Nel 2020, Rita Valenzuela decide di promuovere - con l’associazione “Il tempo delle donne” che presiede - un concorso d’arte, nato con l’obiettivo di vivere una esperienza pittorica, scultorea, e fotografica. Rita infatti è stata una photoreporter di raro talento nella Repubblica dominicana ed è abituata ad esprimere la sua femminilità attraverso la fotografia, raccontando l’anima delle donne con il suo scatto.

Ecco che così pensa di coinvolgere e trascinare altre donne, le sue amiche, le sue connazionali e non, le donne di tutto il mondo, nella convinzione di perseguire assieme a loro - la strada della libertà, della emancipazione ed autodeterminazione.
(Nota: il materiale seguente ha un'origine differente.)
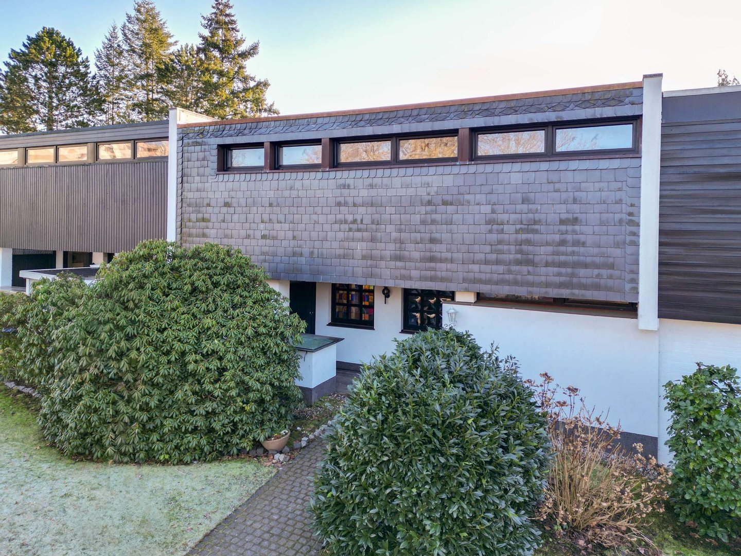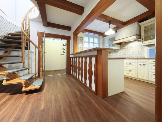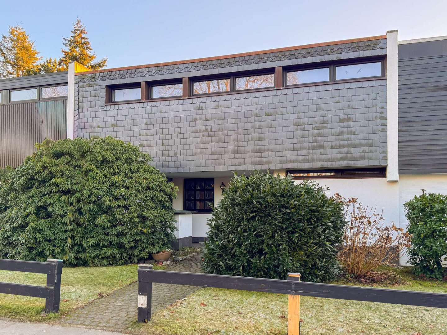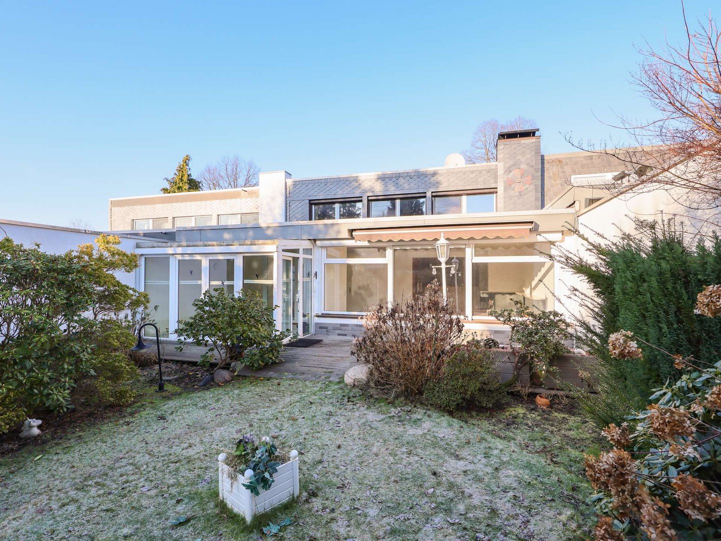Das charmante Reihenhaus wurde 1965 als Terrassenhaus errichtet. Das ca. 340 m² große Südgrundstück ist real geteilt, zusätzlich wird eine Garage mit einer anteiligen Fläche von ca. 38 m² mit veräußert. Das familienfreundliche 4-Zimmer-Reihenhaus bietet ca. 132 m² Wohnfläche. Im Erdgeschoss erwartet Sie ein großzügiger Wohn-/ Essbereich mit Kamin, Wintergarten und direktem Zugang zur Terrasse. Das Arbeitszimmer ist über einen Durchbruch mit dem Wohnbereich verbunden, dadurch gestaltet sich der Raum besonders großzügig. Die hochwertige, geräumige Küche ist offen zum Flur gestaltet und verfügt über eine praktische Durchreiche zum Essbereich. Ein Gäste-WC komplettiert das Erdgeschoss.

Diviene lei stessa una leader.

Ma cosa succede nel 2020?

Quello della pandemia è stato il momento più disastroso della società umana, della storia dell’umanità, la prima pandemia che colpisce tutti gli esseri umani, accomunati da questo disastroso e tragico momento per la storia dell’umanità tutta. Nel passato infatti le pandemie erano circoscritte ad un luogo specifico in mancanza di mezzi di trasporto aerei veloci che impedivano la trasmissione di un virus fatale in tempo reale ed ovunque nel nostro pianeta.

Gli essere umani tutti di ogni razza, religione, età, si ritrovavano a combattere un nemico invisibile, che attacca l’Uomo per via aerea.

Facebook diviene un mezzo di comunicazione che attraversa le case, le strade, le città, gli Stati fino a mettere in comunicazione il globo intero.

La pandemia prendeva il sopravvento sull’Uomo, che veniva annientato giorno dopo giorno da un nemico comune invisibile. Si contavano uomini e donne che perdevano la vita giorno dopo giorno, con immagini che ci sopraggiungevano dalla tv di interminabili file di camion militari lungo le strade delle nostre Regioni del Nord, le prime colpite.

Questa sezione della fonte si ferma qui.